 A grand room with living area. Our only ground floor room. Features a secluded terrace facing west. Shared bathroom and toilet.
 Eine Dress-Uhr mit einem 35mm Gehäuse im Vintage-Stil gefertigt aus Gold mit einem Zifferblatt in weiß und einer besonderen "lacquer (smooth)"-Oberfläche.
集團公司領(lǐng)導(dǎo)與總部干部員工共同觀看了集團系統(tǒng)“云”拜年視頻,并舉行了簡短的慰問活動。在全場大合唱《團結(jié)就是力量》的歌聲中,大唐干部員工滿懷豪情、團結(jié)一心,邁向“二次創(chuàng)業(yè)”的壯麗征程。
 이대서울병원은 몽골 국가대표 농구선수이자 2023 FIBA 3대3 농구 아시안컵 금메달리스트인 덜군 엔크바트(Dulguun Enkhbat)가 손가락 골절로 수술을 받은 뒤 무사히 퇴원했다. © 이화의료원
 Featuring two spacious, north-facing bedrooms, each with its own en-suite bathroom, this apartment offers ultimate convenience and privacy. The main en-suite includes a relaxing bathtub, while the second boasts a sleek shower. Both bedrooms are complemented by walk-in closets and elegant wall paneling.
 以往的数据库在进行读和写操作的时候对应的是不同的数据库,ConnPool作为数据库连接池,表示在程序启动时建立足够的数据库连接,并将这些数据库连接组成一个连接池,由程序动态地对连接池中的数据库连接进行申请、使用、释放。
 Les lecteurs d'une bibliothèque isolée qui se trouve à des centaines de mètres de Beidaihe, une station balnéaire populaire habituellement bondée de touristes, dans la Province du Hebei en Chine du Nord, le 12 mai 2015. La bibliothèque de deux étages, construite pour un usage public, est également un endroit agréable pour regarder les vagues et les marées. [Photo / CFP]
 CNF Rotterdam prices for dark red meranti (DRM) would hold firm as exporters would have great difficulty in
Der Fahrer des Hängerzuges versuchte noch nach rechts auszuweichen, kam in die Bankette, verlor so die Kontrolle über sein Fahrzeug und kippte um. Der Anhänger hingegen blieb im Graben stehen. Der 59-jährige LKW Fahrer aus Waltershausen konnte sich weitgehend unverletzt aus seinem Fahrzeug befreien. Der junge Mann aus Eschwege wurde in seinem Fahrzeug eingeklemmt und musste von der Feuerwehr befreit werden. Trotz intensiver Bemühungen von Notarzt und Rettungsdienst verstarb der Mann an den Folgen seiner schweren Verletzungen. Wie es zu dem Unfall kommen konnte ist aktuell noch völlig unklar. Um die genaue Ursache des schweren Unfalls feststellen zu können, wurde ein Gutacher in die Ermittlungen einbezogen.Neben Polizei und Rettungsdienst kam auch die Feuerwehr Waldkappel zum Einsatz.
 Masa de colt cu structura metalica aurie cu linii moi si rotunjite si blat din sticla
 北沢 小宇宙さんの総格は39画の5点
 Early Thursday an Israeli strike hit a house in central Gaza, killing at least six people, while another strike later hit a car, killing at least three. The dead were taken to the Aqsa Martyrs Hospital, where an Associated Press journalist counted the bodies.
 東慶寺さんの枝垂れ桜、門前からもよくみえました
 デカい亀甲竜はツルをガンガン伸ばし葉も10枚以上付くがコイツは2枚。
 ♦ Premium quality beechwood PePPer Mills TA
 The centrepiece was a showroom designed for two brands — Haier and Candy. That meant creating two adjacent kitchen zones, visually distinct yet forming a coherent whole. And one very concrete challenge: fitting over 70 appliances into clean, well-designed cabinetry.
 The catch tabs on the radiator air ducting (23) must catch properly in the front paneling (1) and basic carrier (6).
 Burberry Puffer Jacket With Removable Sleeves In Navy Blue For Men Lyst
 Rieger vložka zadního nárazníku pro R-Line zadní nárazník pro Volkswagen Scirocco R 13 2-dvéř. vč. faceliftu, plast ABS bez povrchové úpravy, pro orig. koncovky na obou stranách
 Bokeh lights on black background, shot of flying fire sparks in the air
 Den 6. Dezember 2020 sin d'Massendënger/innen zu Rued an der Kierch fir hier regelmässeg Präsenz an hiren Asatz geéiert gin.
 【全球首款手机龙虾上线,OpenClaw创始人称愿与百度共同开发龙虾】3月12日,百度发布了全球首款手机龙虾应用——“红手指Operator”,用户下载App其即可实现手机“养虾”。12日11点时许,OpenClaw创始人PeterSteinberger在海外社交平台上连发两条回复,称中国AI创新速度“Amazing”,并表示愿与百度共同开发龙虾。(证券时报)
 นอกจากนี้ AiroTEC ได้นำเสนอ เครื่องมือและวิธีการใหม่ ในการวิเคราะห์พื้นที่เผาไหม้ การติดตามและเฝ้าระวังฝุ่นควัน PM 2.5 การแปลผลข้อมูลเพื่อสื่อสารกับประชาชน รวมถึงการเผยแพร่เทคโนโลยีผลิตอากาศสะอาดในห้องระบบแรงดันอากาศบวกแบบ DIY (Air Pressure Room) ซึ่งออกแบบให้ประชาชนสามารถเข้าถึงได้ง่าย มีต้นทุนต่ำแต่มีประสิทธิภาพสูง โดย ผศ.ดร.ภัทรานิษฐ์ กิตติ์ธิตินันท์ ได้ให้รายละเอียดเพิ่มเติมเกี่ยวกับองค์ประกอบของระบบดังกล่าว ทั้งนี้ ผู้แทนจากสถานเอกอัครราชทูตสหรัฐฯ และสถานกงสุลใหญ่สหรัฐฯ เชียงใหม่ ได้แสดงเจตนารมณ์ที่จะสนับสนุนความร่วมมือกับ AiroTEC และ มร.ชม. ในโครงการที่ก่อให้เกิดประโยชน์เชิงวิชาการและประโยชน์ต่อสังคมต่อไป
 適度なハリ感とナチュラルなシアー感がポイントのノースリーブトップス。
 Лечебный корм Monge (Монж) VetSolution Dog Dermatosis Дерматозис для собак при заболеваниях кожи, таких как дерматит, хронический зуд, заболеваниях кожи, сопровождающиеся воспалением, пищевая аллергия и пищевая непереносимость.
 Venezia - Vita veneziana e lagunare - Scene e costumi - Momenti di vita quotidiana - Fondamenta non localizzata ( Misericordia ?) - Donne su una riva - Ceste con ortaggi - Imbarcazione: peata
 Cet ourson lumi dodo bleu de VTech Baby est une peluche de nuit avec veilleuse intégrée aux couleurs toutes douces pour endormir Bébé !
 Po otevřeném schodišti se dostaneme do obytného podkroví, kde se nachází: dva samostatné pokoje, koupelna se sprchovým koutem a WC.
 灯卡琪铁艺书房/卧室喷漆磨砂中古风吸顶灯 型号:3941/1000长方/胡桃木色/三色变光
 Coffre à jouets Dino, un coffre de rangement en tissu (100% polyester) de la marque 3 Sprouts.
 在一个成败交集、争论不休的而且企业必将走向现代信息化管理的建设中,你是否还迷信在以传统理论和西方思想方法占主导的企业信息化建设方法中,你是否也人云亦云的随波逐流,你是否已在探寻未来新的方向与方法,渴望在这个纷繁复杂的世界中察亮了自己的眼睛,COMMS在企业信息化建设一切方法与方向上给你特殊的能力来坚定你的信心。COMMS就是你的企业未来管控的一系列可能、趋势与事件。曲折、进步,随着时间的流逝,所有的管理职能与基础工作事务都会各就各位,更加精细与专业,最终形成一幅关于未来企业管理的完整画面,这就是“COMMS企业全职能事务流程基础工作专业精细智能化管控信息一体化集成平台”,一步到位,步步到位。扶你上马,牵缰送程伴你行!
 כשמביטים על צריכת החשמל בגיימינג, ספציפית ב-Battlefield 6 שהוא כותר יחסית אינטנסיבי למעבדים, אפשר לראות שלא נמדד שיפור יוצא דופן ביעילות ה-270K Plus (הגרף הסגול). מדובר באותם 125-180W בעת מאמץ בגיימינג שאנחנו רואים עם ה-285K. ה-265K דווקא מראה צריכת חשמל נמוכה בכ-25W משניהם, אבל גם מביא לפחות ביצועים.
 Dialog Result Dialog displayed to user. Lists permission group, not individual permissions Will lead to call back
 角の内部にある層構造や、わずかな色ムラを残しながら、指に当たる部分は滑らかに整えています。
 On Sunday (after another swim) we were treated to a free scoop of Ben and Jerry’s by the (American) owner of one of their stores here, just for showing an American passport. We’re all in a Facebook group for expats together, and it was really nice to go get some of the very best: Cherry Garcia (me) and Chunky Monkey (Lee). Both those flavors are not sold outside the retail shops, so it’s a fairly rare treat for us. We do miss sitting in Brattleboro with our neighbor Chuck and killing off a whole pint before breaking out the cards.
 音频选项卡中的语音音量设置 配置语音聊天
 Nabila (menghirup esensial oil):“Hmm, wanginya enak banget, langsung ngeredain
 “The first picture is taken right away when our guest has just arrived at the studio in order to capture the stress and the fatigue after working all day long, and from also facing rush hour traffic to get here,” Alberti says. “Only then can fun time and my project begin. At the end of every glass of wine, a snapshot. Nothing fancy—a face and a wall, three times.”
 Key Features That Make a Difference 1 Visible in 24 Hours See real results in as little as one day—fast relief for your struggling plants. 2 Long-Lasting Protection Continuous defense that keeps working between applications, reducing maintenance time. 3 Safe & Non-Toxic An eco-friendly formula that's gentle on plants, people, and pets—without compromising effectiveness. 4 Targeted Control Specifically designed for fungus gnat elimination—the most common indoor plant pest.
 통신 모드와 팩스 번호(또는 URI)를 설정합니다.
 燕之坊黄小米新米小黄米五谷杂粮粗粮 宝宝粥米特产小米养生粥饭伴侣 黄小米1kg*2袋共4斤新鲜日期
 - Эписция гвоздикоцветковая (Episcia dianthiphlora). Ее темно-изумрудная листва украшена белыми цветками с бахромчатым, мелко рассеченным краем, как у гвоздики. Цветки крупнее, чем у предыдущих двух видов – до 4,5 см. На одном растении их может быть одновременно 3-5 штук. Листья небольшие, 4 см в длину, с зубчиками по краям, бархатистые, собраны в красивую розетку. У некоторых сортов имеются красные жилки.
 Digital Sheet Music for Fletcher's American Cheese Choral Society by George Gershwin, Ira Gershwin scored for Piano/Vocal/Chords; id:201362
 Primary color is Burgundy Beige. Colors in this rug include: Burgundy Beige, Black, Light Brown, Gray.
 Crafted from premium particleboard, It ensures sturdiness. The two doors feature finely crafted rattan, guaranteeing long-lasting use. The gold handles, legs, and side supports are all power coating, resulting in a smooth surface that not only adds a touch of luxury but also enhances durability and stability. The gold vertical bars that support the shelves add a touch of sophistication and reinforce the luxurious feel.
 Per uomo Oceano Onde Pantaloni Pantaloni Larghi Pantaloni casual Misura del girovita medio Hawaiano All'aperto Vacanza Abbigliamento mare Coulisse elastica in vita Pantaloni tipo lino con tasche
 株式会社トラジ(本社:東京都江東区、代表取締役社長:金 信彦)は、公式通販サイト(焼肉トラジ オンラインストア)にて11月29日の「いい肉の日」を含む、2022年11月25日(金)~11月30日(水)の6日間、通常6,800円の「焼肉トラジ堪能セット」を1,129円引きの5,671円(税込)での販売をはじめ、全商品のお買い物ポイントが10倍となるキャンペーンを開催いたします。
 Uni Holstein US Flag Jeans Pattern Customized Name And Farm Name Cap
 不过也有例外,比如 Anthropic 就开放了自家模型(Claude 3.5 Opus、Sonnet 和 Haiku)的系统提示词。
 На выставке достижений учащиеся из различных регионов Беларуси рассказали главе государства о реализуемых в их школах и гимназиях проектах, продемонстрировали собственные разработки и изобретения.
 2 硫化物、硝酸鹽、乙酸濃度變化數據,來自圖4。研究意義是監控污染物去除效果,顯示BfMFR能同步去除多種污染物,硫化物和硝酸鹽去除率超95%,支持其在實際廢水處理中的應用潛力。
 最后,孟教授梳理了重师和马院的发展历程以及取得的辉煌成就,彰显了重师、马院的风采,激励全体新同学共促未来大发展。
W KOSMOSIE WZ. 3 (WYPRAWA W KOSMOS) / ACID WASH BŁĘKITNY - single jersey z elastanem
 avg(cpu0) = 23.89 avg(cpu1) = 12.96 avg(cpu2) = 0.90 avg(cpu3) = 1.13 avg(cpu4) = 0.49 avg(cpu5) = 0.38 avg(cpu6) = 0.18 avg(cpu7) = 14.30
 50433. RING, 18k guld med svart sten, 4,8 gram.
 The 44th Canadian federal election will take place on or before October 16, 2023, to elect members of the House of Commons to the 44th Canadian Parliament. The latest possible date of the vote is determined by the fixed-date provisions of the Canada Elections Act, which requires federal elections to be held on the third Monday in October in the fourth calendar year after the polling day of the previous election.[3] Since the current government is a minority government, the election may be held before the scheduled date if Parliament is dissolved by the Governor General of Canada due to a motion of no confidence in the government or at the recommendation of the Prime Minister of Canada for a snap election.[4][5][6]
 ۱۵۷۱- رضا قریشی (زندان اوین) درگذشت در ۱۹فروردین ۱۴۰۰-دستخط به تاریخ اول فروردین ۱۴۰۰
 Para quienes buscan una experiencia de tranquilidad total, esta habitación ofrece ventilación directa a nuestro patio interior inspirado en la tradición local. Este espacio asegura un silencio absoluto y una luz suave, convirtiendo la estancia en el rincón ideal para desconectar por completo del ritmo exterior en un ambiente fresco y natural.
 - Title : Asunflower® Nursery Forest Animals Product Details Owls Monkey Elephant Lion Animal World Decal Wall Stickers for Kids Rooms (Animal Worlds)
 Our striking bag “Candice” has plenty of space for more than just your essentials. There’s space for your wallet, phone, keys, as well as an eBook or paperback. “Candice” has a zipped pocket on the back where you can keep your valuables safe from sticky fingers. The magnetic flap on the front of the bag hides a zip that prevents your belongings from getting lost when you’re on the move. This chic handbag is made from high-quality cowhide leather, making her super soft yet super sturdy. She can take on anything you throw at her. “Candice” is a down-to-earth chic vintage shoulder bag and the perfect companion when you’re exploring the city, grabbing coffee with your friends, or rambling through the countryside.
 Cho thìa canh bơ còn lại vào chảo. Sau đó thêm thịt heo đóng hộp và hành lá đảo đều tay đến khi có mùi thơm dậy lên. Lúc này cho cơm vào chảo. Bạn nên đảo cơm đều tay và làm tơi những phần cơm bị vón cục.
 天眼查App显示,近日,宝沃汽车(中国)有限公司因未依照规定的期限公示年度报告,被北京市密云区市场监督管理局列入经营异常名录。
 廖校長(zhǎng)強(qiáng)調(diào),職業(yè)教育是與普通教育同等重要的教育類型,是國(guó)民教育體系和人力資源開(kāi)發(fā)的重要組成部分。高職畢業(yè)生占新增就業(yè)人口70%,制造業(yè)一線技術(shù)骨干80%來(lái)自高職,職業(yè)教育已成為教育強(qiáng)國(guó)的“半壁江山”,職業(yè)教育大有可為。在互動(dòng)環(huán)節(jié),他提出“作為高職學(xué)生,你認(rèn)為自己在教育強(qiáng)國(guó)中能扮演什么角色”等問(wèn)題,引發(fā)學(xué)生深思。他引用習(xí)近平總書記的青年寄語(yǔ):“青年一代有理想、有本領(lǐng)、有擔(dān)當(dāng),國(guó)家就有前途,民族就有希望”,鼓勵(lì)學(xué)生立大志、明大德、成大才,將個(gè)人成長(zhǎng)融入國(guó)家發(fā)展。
•••
Within the data above, the lines from the one with "Venezia - Vita" to the one with "Coffre à jouets" must be repeated exactly; no other line belongs in the answer.

 Venezia - Vita veneziana e lagunare - Scene e costumi - Momenti di vita quotidiana - Fondamenta non localizzata ( Misericordia ?) - Donne su una riva - Ceste con ortaggi - Imbarcazione: peata
 Cet ourson lumi dodo bleu de VTech Baby est une peluche de nuit avec veilleuse intégrée aux couleurs toutes douces pour endormir Bébé !
 Po otevřeném schodišti se dostaneme do obytného podkroví, kde se nachází: dva samostatné pokoje, koupelna se sprchovým koutem a WC.
 灯卡琪铁艺书房/卧室喷漆磨砂中古风吸顶灯 型号:3941/1000长方/胡桃木色/三色变光
 Coffre à jouets Dino, un coffre de rangement en tissu (100% polyester) de la marque 3 Sprouts.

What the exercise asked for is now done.